Semi-Supervised Learning Algorithm

A Semi-Supervised Learning Algorithm is a supervised learning algorithm that can be applied by a semi-supervised learning system to solve a semi-supervised training task that involves both labeled training data and unlabeled training data.

• Context:
  • It can range from being a Transductive Semi-Supervised Learning Algorithm to being a Inductive Semi-Supervised Learning Algorithm, depending on whether the test set is visible during learning.
  • It can range from being a Semi-Supervised Classification Algorithm to being a Semi-Supervised Regression Algorithm to being a Semi-Supervised Point Estimation Algorithm.
  • It can be a Self-Supervised Learning Algorithm when a Labeling Heuristic is available to generate pseudo-labels for the unlabeled data.
  • It can be a Co-Training Learning Algorithm, if multiple views of the data are available and can be independently used to train separate classifiers which are then combined.
  • It can range from being a Weakly-Trained Learning Algorithm, relying on minimal labeled data, to being a Large Labeled Dataset Semi-Supervised Algorithm that utilizes substantially more labeled information.
  • It can benefit from incorporating Domain Knowledge and Constraint-based Approaches to guide the learning process with unlabeled data.
  • It can leverage Data Augmentation and Feature Learning to improve generalization from limited labeled data.
  • ...
• Example(s):
  • A Semi-Supervised Generative Model, which models the distribution of both labeled and unlabeled data.
  • A Co-training Learning Algorithm, which alternates between training on separate feature sets and enlarging the labeled set with newly labeled data from the learned classifier.
  • A Semi-Supervised Support Vector Machines (S3VM) Algorithm, which extends SVMs to handle unlabeled data.
  • A Semi-Supervised CRF Training Algorithm, which uses labeled and unlabeled sequences for conditional random field training.
  • A Semi-Supervised Graph-based Learning Algorithm, which propagates labels through a graph connecting data points based on their similarity.
  • A EM With Generative Mixture Models Algorithm, which alternates between assigning pseudo-labels to unlabeled data and reestimating model parameters.
  • A Transductive Support Vector Machine, optimized for a specific set of test data by using both labeled and unlabeled data.
  • A Multiview Learning Algorithm, which uses different representations (views) of the data to improve learning.
  • ...
• Counter-Example(s):
  • A Fully-Supervised Learning Algorithm, which requires a completely labeled training set for learning.
  • A Unsupervised Learning Algorithm, such as Clustering Algorithms, which do not utilize any labels for learning.
  • A Reinforcement Learning Algorithm, which interacts with an environment to learn policies rather than learning from labeled and unlabeled data.
  • ...
• See: Metric-based Learning, Few-Shot Learning, Transfer Learning.

References

2009

• (Zhu et al., 2009) ⇒ Xiaojin Zhu, and Andrew B. Goldberg. (2009). “Introduction to Semi-Supervised Learning.” In: Morgan and Claypool Publishers.
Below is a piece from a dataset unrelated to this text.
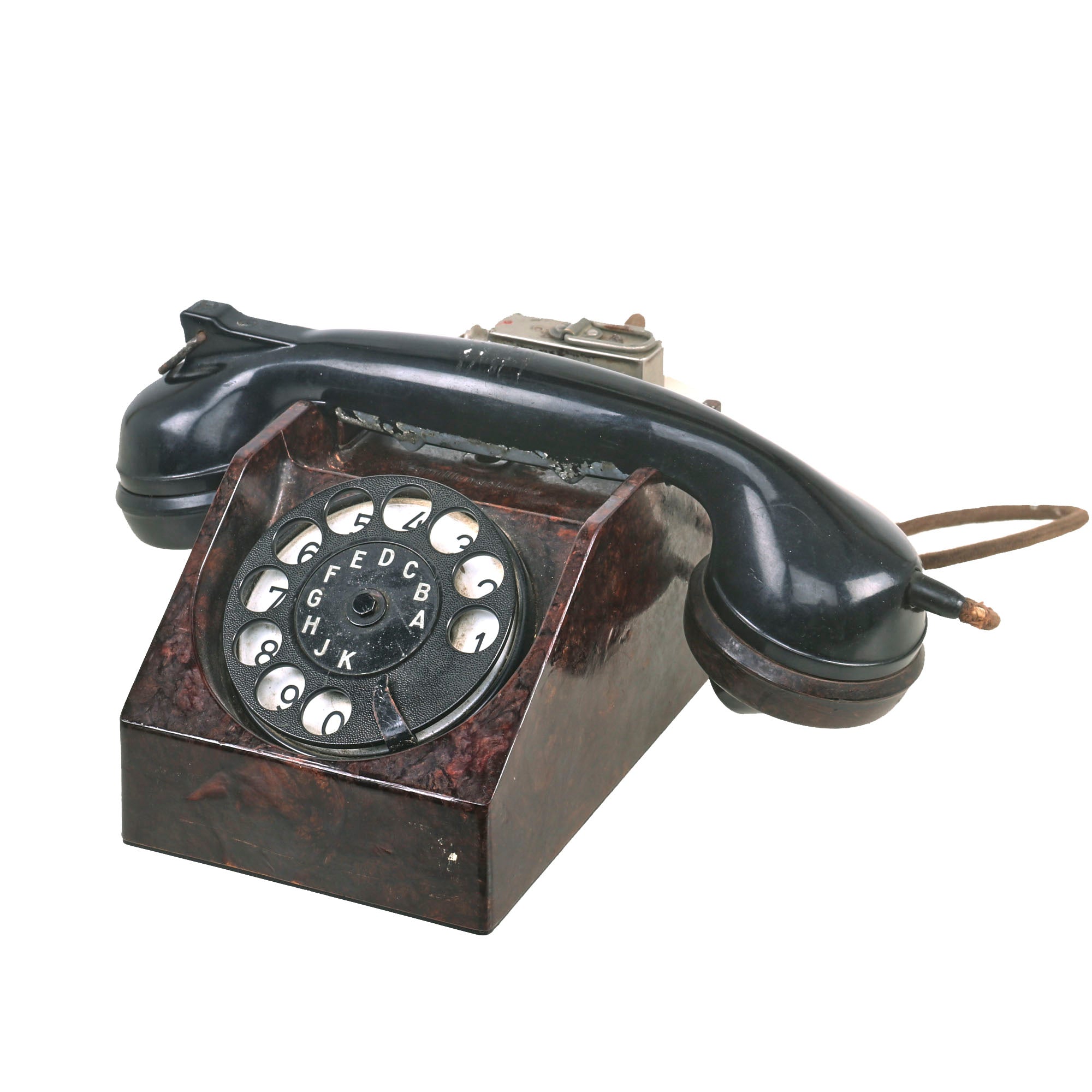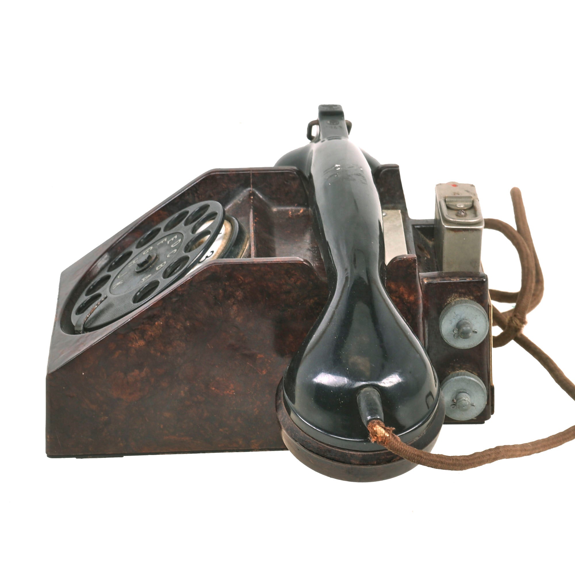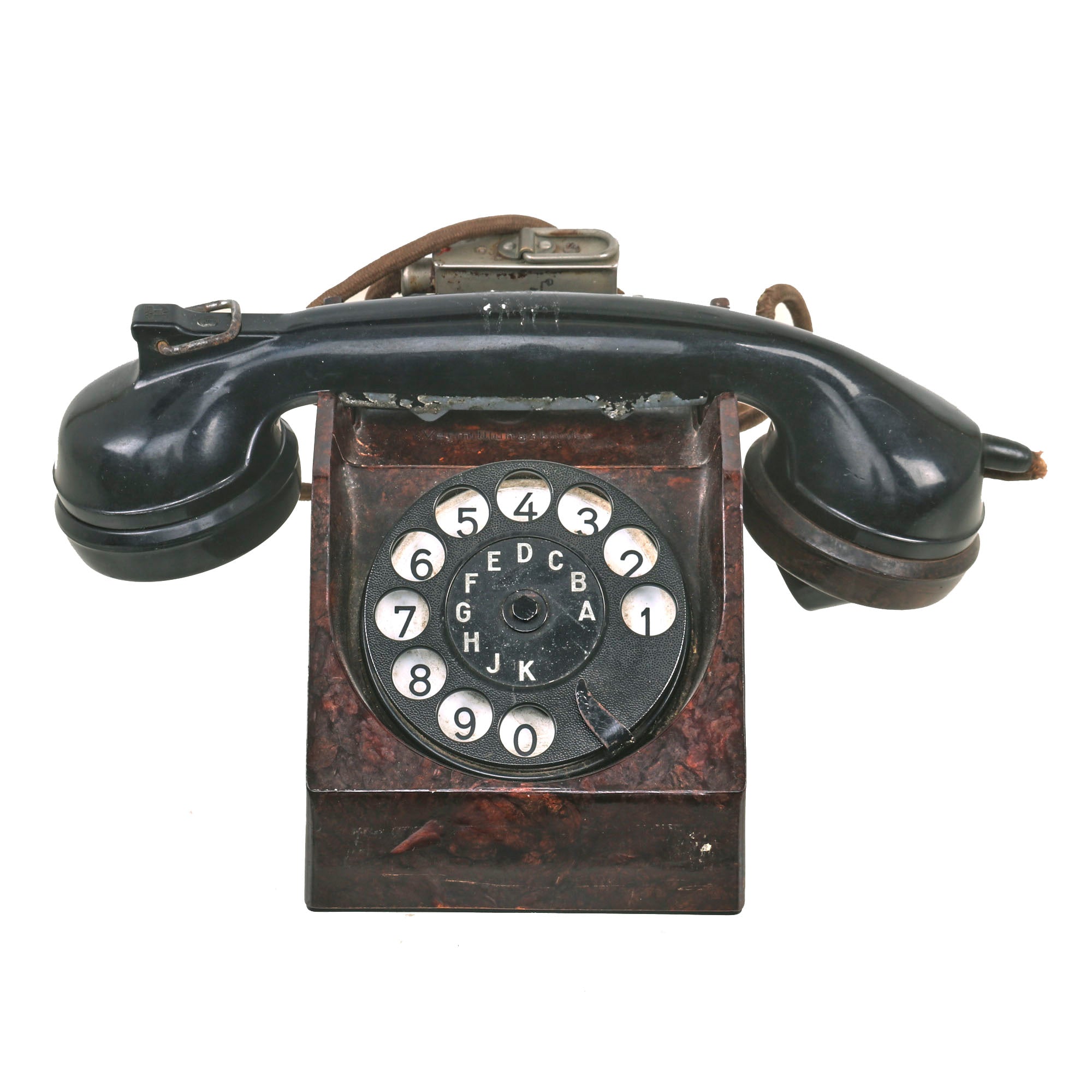 Original Item: Only One Available. This is a stellar example of a very hard to find piece of field gear! An absolutely original bakelite rotary telephone marked ddu indicating manufacture by R.B.& Co., serial number 29230, dated 1942 on the bottom of the unit together with an illustrated circuit board.
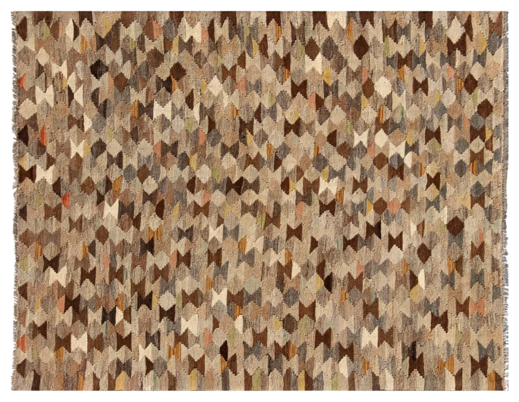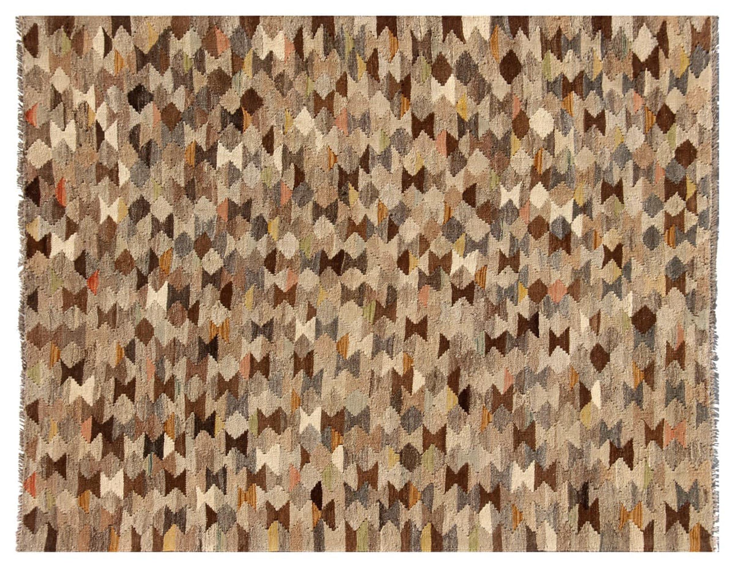 Estas alfombras kilim muestran una diferencia decisiva con las alfombras anudadas a mano - son tejidas a mano. Por lo tanto, no tienen un montón alto de lana y son a menudo más planos y más ásperos que las alfombras de lana anudada. Su fabricación es menos elaborada y por eso suelen ser mucho más baratas. Como ventaja, las alfombras de kilim son también mucho más ligeras y pueden ser colocadas por delante y por detrás. Los kilims tejidos a mano provienen originalmente de la antigua Persia y ahora también se fabrican a menudo en el Afganistán. Tienen patrones bastante simples y directos, que se deben a su técnica de tejido.

ISBN: 1598295470.

2008

• (Zhu, 2008) ⇒ Xiaojin Zhu. (2008). “Semi-Supervised Learning Literature Survey (revised edition)." Technical Report 1530, Department of Computer Sciences, University of Wisconsin, Madison.
  • QUOTE: Some often-used methods include: EM with generative mixture models, self-training, co-training, transductive support vector machines, and graph-based methods.

2007

• (Zhu, 2007) ⇒ Xiaojin Zhu. (2007). “Semi-Supervised Learning." Tutorial at ICML 2007.
  • input instance x, label y
  • learner f : X -> Y
  • labeled data (X_l, Y_l) = {(x_1:l, y_1:l)}
  • unlabeled data X_u = {x_l+1:n}, available during training
  • usually l << n
  • test data X_test = {x_n+1:}, not available during training

2006

• (Chapelle et al., 2006a) ⇒ Olivier Chapelle (editor), Alexander Zien (editor), and Bernhard Schölkopf (editor). (2006). “Semi-Supervised Learning.” MIT Press. ISBN:0262033585
• (Chapelle et al., 2006b) ⇒ Olivier Chapelle, Alexander Zien, and Bernhard Schölkopf. (2006). “Introduction to Semi-Supervised Learning.” In: (Chapelle et al., 2006a)

2006

• (Chapelle et al., 2006b) ⇒ Olivier Chapelle, Alexander Zien, and Bernhard Schölkopf (Editors). (2006). “Introduction to Semi-Supervised Learning.” In: (Chapelle et al., 2006a)
  • QUOTE: A problem related to SSL was introduced by Vapnik already several decades ago: so-called transductive learning. In this setting, one is given a (labeled) training set and an (unlabeled) test set. The idea of transduction is to perform predictions only for the test points. This is in contrast to inductive learning, where the goal is to output a prediction function which is defined on the entire space X. Many methods described in this book will be transductive; in particular, this is rather natural for inference based on graph representations of the data. This issue will be addressed again in section 1.2.4.

2005

• (Zhu, 2005) ⇒ Xiaojin Zhu. (2005). “Semi-supervised learning literature survey." Technical Report TR-1530. University of Wisconsin-Madison Department of Computer Science.

2004

• (Basu et al., 2004) ⇒ Sugato Basu, Mikhail Bilenko, and Raymond Mooney. (2004). “A Probabilistic Framework for Semi-Supervised Clustering.” In: Proceedings of the tenth ACM SIGKDD International Conference on Knowledge Discovery and Data Mining (KDD-2004). doi:10.1145/1014052.1014062

2001

• (Seeger, 2001) ⇒ Matthias Seeger. (2001). “Learning with Labeled and Unlabeled Data." Technical Report. University of Edinburgh.

1999

• (Joachims, 1999) ⇒ Thorsten Joachims. (1999). “Transductive Inference for Text Classification using Support Vector Machines.” In: Proceedings of the International Conference on Machine Learning (ICML 1999).
  • QUOTE: The work presented here tackles the problem of learning from small training samples by taking a transductive (Vapnik, 1998), instead of an inductive approach. In the inductive setting the learner tries to induce a decision function which has a low error rate on the whole distribution of examples for the particular learning task. Often, this setting is unnecessarily complex. In many situations we do not care about the particular decision function, but rather that we classify a given set of examples (i.e. a test set) with as few errors as possible. This is the goal of transductive inference. Some examples of transductive text classification tasks are the following. All have in common that there is little training data, but a very large test set.